#### Provided records:
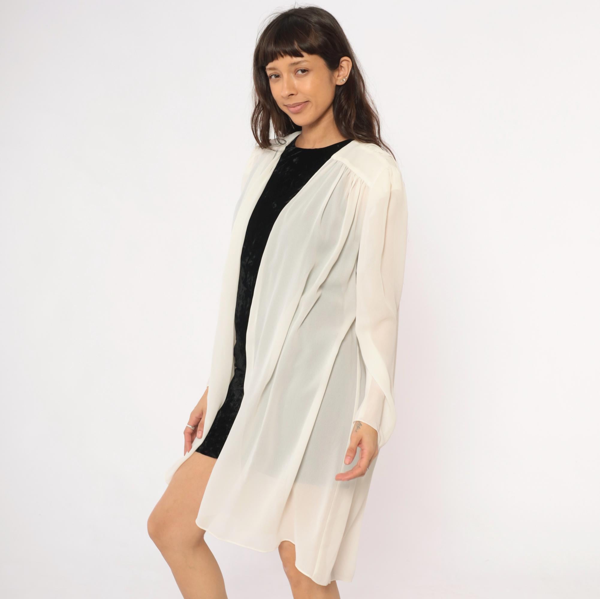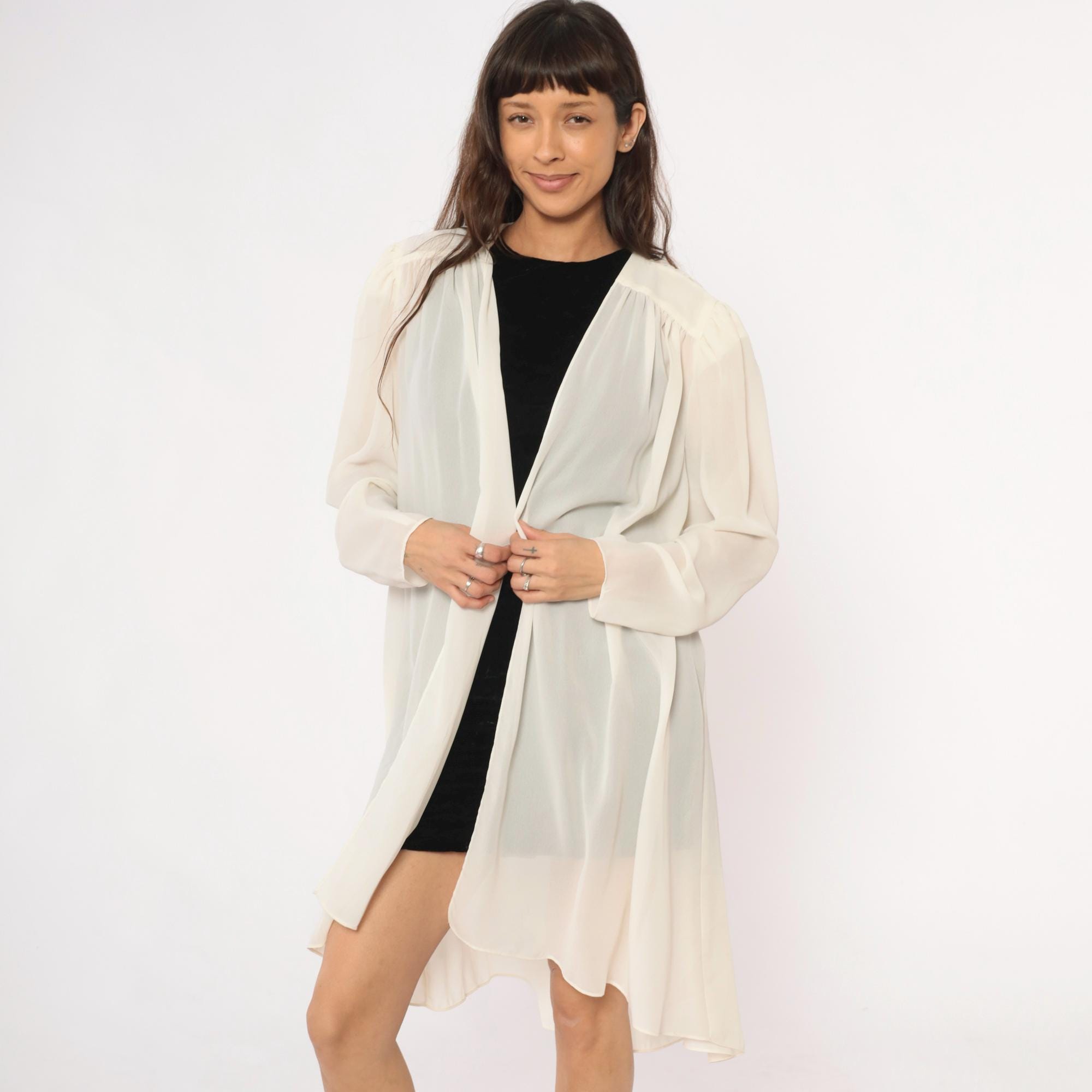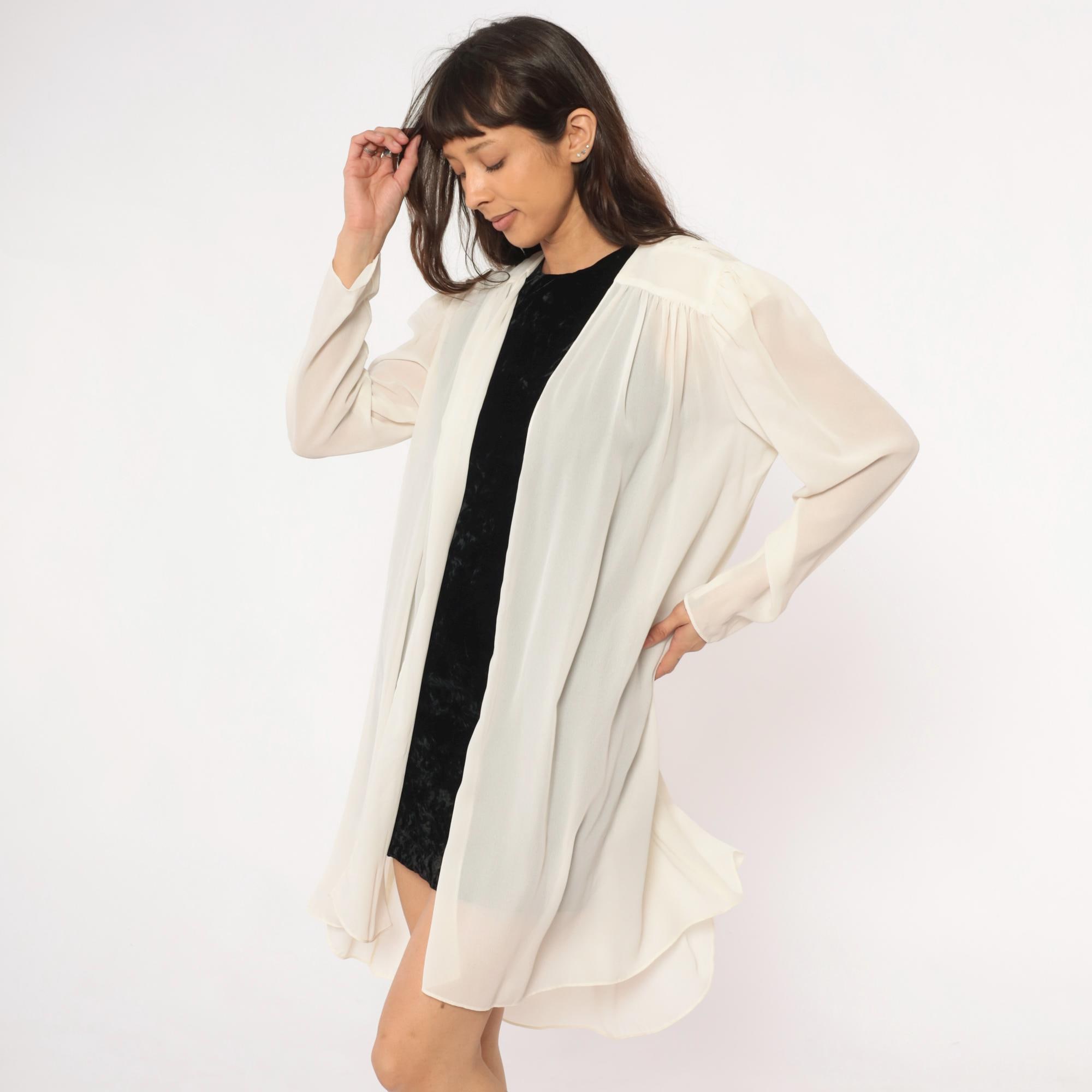 90s cream sheer duster from patra with open front and gathered shoulder detail. Long sleeves and extended length, worn open as a lightweight layer.
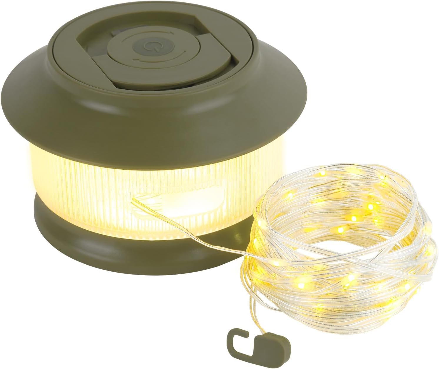 - ??All-in-1 Retractable Camping string lights&lamp??: This all-in-one camping lights string combines lights string, camper lamp,work light in one portable light. It can be used as a rechargeable outdoor string lights, camping lighting and lamp. The foldable handle can be hanged on tents or trees??ideal for hands-free lighting.The better camper string lights for your hiking,camping,indoor&outdoor decoration
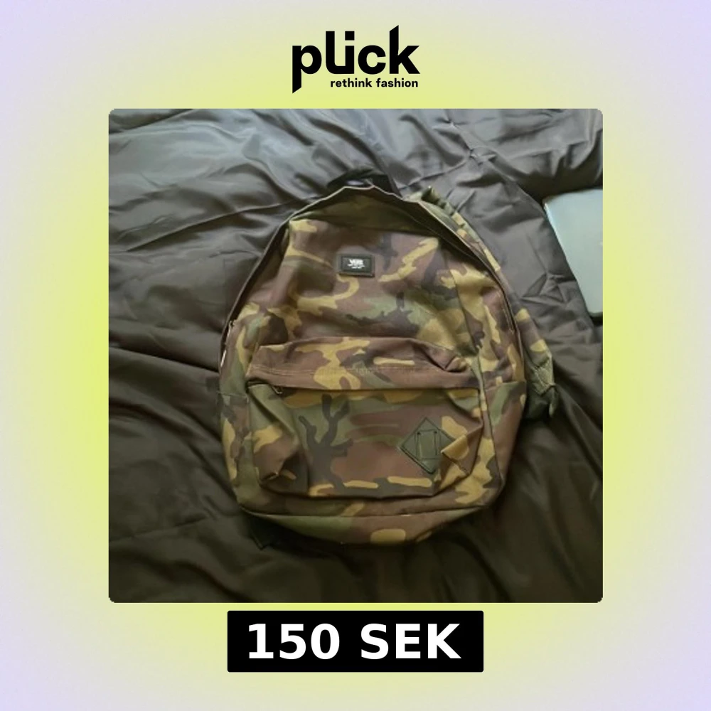Säljer en snygg ryggsäck från Vans med klassiskt camouflage-mönster i grönt, brunt och svart. Väskan har ett stort huvudfack, en framficka med dragkedja och justerbara axelremmar. Perfekt för skolan eller stan! Bara använd fåtal gånger! :3
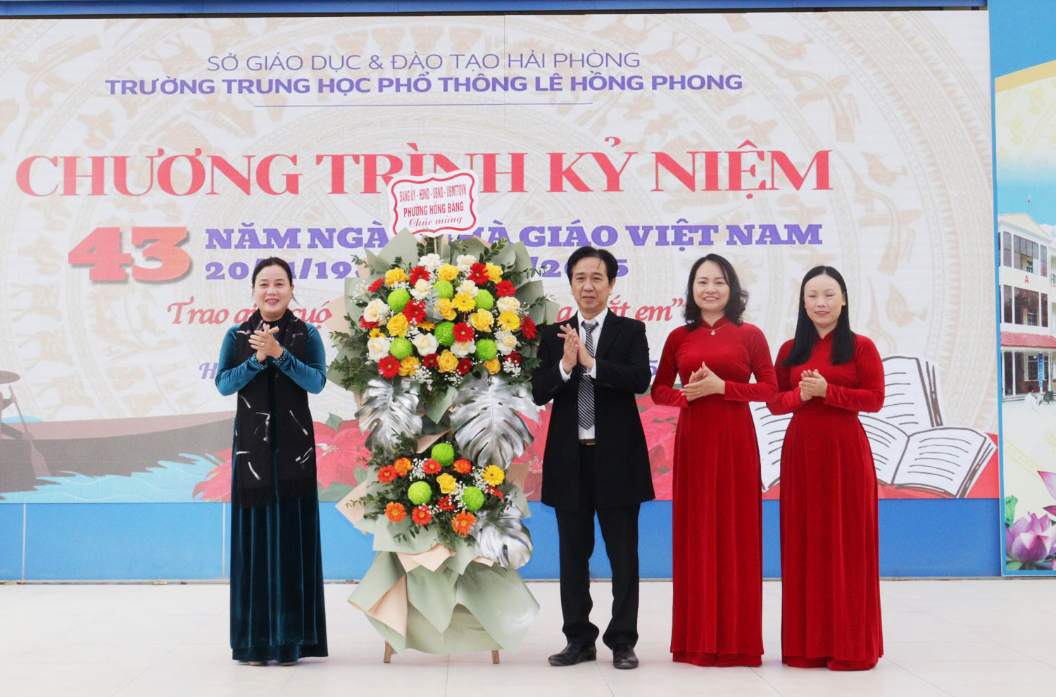 (Haiphong.gov.vn) - Sáng 20/11, Trường THPT Lê Hồng Phong (phường Hồng Bàng) tổ chức kỷ niệm 43 năm Ngày Nhà giáo Việt Nam (20/11/1982 - 20/11/2025) và biểu dương giáo viên đạt thành tích cao năm học 2024 - 2025. Tới dự có các đồng chí: Phạm Hồng Quân, Phó Giám đốc Sở Giáo dục và Đào tạo; Lê Thị Vân, Phó Bí thư Thường trực Đảng ủy, Chủ tịch HĐND phường Hồng Bàng.
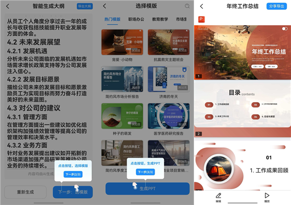 例如,鸿蒙版Aippt 制作师接入了小艺意图框架,核心功能“一句话调起应用制作 PPT”彻底颠覆了传统的PPT制作模式。无需提前打开软件、翻找模板,只需对小艺说出制作需求,应用便会依托大模型快速响应,自动生成逻辑清晰的演示大纲与配套内容文本,还能根据场景智能推荐适配的模板,支持实时预览并一键更换;同时AI会完成文字、图片的智能排版,优化页面整体协调性,若有个性化需求,还能手动微调字体、颜色等设计元素,从大纲构思到页面设计一步到位。

#### Task instructions:
The listing above must be printed again exactly, minus its pictures.

#### Answer box:
 90s cream sheer duster from patra with open front and gathered shoulder detail. Long sleeves and extended length, worn open as a lightweight layer.
 - ??All-in-1 Retractable Camping string lights&lamp??: This all-in-one camping lights string combines lights string, camper lamp,work light in one portable light. It can be used as a rechargeable outdoor string lights, camping lighting and lamp. The foldable handle can be hanged on tents or trees??ideal for hands-free lighting.The better camper string lights for your hiking,camping,indoor&outdoor decoration
Säljer en snygg ryggsäck från Vans med klassiskt camouflage-mönster i grönt, brunt och svart. Väskan har ett stort huvudfack, en framficka med dragkedja och justerbara axelremmar. Perfekt för skolan eller stan! Bara använd fåtal gånger! :3
 (Haiphong.gov.vn) - Sáng 20/11, Trường THPT Lê Hồng Phong (phường Hồng Bàng) tổ chức kỷ niệm 43 năm Ngày Nhà giáo Việt Nam (20/11/1982 - 20/11/2025) và biểu dương giáo viên đạt thành tích cao năm học 2024 - 2025. Tới dự có các đồng chí: Phạm Hồng Quân, Phó Giám đốc Sở Giáo dục và Đào tạo; Lê Thị Vân, Phó Bí thư Thường trực Đảng ủy, Chủ tịch HĐND phường Hồng Bàng.
 例如,鸿蒙版Aippt 制作师接入了小艺意图框架,核心功能“一句话调起应用制作 PPT”彻底颠覆了传统的PPT制作模式。无需提前打开软件、翻找模板,只需对小艺说出制作需求,应用便会依托大模型快速响应,自动生成逻辑清晰的演示大纲与配套内容文本,还能根据场景智能推荐适配的模板,支持实时预览并一键更换;同时AI会完成文字、图片的智能排版,优化页面整体协调性,若有个性化需求,还能手动微调字体、颜色等设计元素,从大纲构思到页面设计一步到位。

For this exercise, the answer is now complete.